Japanese players have had a range of success in MLB. Twelve players have been selected to participate in the All-Star Game; Ichiro Suzuki has made the most appearances with ten. In addition to these selections, Ichiro has won several prestigious MLB awards including the American League (AL) Rookie of the Year Award and the AL Most Valuable Player (MVP) Award in 2001, the All-Star Game MVP Award in 2007 and multiple Gold Glove and Silver Slugger Awards. Ichiro also holds the MLB record for recording the most hits in a single season.
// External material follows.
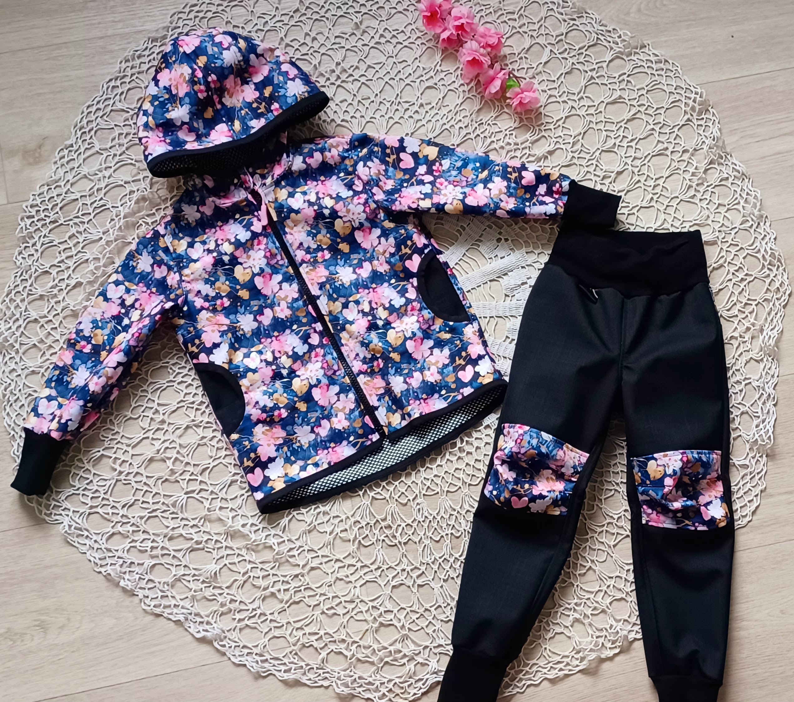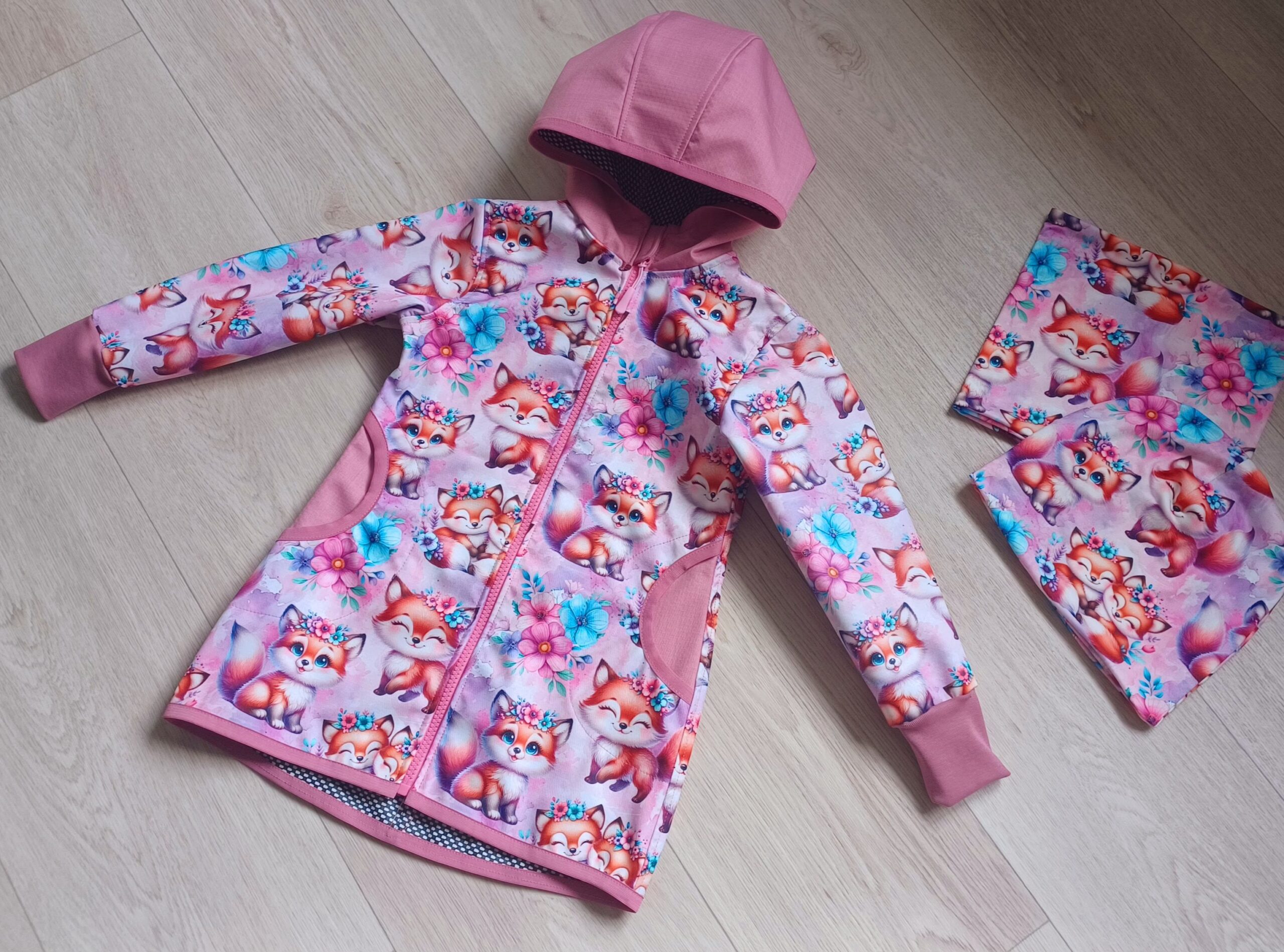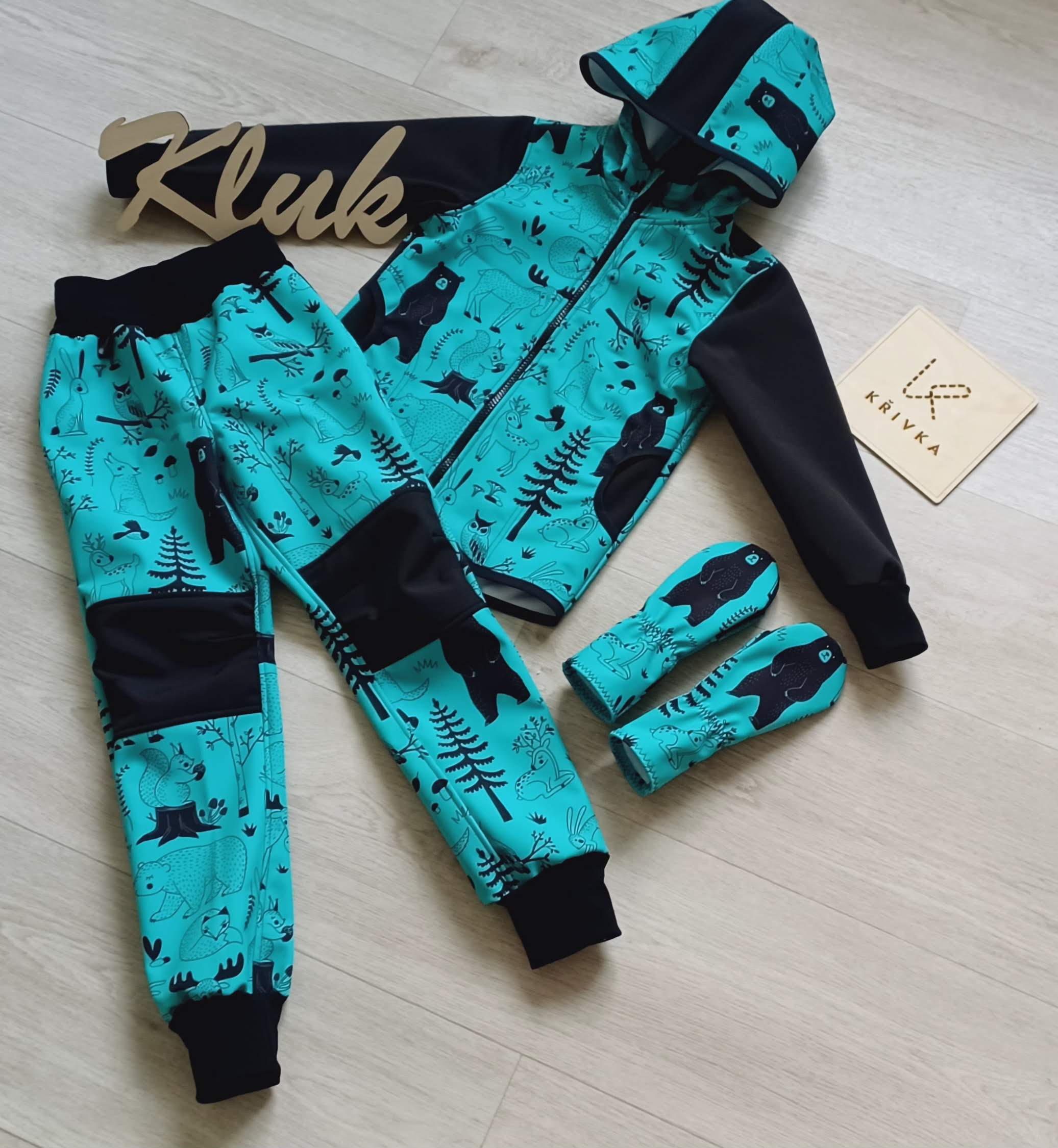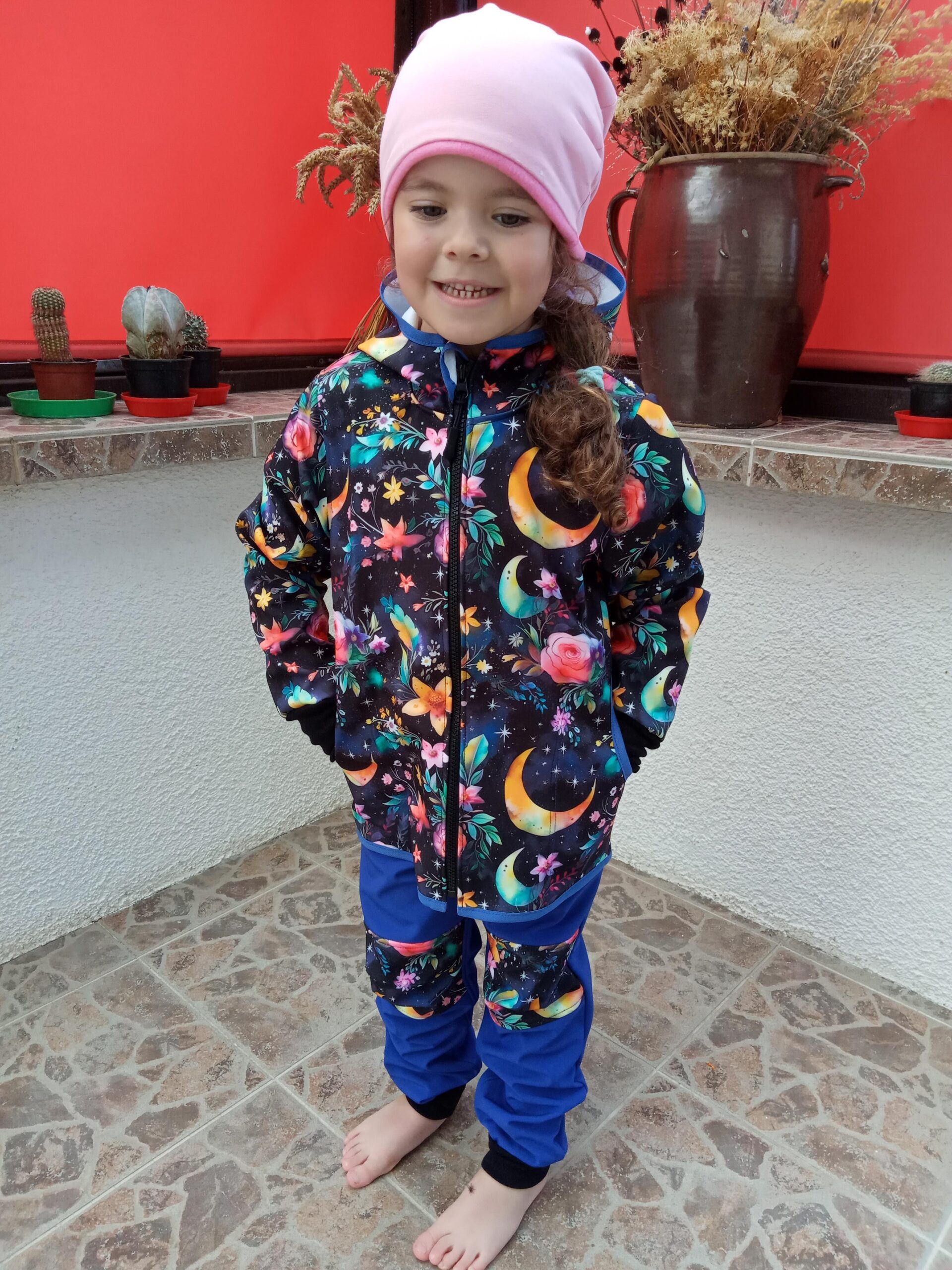 Tvoří je rostoucí softshellová bunda/kabátek a rostoucí softshellové kalhoty případně i rukavice. Pro Ty z Vás, co máte opravdu rádi vyladěné setíky, nabízím i možnost ušití čepice či nákrčníku ve stejném designu.

Hideo Nomo was the only Japanese pitcher to throw a no-hitter until Hisashi Iwakuma accomplished the feat on August 12, 2015. Nomo threw two in total; the first came in 1996 and the last occurred in 2001. Hideki Matsui holds the MLB record for most consecutive games played to start a career in the league (518 games) and has the most seasons with 100+ runs batted in (4) among Japanese and all Asian-born players (2003-2005, 2007).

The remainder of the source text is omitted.